Weekly Briefing from the North Texas Apocalypse Bunker, 04/19/24
One For You Nineteen For Me Edition
It’s been a particularly unpleasant week here at the Bunker, as the taxes are due and our state-sanctioned overlords are determined to collect what they are owed. The crush of numbers and monies owed and properly filled out forms and dealing with the functionaries attached to the collection of taxes has left everyone here in administration feeling like someone scooped out their brains with melon baller and filled the spacious cranial cavity with ball bearings. As God is my witness, I heard my brains clacking together on Wednesday.
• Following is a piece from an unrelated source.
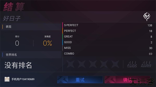 5、屏幕最上方的是歌曲进度,当进度条充满时就会结束闯关,通关后会根据玩家的分数来打出评分。

Worse, I’m still not quite finished yet. Ugh. Hopefully, you’ve all paid your fair share so that the 806 billionaires who control more wealth than 65 million Americans can complain about the broken system on social media and rail against the unfair practices of a capricious government. None of this should be on your mind in November; instead, when you vote, please let it be for some reactionary and arbitrary reason that has no economic weight or impact but instead makes you feel like you totally dunked on some nebulous political adversary hell-bent on destroying your life.
Further Thoughts on the Impending Apocalypse
Even before the Pandemic, I noticed an uptick in End of the World movies and TV shows. From The Walking Dead (see below) to Zombieland and World War Z, we’ve been waiting for our friends and families to eat our brains since 2010 or thereabouts. It’s when The Purge (2013) movies started up, followed by a resurgence in neo-Cold War spy flicks and Mad Max: Fury Road (2015) that I started to notice we were pivoting off of the Zombie Apocalypse to Any Apocalypse Will Do. Dawn of the Planet of the Apes (2015) restarted the venerable franchise, with genetic manipulation being the Thing that Does Us In, rather than atomic war, but the result is still the same; they could not get the apes on horseback soon enough.
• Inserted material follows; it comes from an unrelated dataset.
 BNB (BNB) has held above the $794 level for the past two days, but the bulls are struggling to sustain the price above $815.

These have all flown under the radar, I suspect, because we tend to think of these movies and TV shows as a bag of recognizable cliches wrapped in a familiar genre. Or worse, a franchise reboot or series “re-imagining.” Planet of the Apes is its own thing, and the novelty of gorillas on horseback tends to obscure the idea that the world is decidedly post-human. Ditto most of the rest of what’s listed above and I’m sure you’ll come up with lots of examples all your own, too. Whether it’s intelligent gorillas, or super-fast zombies, or gearheads from the local car club, the trappings of these stories, for the point I’m trying to make, isn’t that they are genre flicks, but rather that they start with the premise that we are doomed and this is merely a slow walk to the nearest tar pit.
But why is this? I think I have an idea, but it’s not a very uplifting one. Prior to the year 2000, we were mostly in the Cold War, and there’s certainly some memorable films in the 60s, 70s, and 80s that deal with the end result of mutually assured destruction. By the 1990s, things had wound down somewhat, but there were still a few dozen films made with an “after the end” theme.
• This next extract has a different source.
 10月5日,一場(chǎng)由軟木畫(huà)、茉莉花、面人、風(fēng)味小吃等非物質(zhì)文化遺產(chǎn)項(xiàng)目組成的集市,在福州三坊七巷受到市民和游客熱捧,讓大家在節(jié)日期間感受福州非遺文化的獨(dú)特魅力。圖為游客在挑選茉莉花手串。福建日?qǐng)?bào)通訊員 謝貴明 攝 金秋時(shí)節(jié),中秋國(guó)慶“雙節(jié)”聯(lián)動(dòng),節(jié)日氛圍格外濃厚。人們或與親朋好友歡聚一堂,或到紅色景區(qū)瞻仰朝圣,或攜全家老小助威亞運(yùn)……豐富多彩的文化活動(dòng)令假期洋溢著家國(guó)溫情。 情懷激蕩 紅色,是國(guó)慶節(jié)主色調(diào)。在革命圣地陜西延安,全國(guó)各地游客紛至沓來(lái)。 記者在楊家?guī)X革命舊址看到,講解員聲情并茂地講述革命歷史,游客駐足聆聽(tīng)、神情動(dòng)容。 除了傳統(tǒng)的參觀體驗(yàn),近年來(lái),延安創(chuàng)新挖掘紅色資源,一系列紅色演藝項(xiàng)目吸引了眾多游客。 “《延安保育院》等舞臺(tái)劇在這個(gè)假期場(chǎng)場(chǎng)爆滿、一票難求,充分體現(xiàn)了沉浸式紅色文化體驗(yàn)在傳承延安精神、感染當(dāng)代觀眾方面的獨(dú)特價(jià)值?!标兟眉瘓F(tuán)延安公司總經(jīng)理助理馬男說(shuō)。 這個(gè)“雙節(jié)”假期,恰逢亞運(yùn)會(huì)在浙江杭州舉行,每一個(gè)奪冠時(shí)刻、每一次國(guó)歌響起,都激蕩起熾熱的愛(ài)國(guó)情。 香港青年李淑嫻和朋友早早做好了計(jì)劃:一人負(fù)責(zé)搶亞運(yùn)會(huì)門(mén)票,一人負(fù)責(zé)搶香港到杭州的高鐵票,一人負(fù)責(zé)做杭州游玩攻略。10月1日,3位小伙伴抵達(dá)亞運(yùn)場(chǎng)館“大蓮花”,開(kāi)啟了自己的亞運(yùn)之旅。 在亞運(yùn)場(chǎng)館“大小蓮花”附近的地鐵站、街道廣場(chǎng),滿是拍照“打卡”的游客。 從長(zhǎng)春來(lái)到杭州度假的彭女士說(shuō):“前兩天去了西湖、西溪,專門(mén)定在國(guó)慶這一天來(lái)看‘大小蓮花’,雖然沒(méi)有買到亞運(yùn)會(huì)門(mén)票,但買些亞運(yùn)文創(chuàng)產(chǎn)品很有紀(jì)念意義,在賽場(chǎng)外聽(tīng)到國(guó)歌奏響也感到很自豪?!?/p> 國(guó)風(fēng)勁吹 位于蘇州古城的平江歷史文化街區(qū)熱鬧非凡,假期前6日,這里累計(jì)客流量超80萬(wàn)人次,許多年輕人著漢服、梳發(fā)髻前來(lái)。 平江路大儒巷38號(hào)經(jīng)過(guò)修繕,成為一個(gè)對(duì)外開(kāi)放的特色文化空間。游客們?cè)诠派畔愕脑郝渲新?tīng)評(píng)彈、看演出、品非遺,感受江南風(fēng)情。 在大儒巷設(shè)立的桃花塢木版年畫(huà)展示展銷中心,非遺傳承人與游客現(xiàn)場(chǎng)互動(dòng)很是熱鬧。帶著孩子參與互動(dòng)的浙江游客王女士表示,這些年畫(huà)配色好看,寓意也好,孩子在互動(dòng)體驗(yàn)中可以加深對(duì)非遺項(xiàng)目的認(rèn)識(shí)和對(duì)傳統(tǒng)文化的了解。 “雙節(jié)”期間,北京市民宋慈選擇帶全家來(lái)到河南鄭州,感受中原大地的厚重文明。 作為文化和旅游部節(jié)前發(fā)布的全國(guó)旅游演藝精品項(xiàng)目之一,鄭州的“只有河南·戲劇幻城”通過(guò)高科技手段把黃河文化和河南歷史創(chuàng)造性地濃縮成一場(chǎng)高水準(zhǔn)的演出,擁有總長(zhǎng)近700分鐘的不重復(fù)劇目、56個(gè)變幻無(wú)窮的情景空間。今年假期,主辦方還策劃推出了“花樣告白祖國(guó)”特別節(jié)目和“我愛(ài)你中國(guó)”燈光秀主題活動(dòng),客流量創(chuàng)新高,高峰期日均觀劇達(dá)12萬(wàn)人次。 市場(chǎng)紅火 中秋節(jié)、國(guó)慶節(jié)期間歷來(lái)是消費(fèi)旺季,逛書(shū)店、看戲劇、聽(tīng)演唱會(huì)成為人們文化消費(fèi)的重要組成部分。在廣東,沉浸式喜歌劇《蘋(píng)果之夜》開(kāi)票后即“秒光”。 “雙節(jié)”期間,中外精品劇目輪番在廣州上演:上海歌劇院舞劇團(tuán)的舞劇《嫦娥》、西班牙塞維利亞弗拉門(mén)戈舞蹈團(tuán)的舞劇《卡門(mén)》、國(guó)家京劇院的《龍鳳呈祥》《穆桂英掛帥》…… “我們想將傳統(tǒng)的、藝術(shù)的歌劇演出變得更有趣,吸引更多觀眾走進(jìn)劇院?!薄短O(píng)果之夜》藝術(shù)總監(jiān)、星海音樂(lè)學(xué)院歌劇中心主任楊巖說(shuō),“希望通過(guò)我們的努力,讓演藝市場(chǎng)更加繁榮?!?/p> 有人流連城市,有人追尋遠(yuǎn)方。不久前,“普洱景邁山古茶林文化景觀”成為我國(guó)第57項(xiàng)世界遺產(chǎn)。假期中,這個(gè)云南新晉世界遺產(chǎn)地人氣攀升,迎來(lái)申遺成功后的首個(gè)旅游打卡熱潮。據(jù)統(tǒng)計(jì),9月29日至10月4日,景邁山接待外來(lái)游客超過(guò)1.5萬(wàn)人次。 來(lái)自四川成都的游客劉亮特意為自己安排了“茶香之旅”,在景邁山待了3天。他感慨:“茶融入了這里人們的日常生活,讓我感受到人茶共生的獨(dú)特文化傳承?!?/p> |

The less said about Y2K, the better. It’s not hard to see that in the absence of a far away enemy to hate on, like the U.S.S.R., we had to hate someone, something, and the 1990s is where you started seeing “survivalists” who came together under a common, often misspelled manifesto to wait out the end of days. The world’s computers all resetting themselves to 1900 is the stuff that dreams were made of for these guys, who were all convinced that we were inches away as a society of knifing each other for bottled water and canned meat.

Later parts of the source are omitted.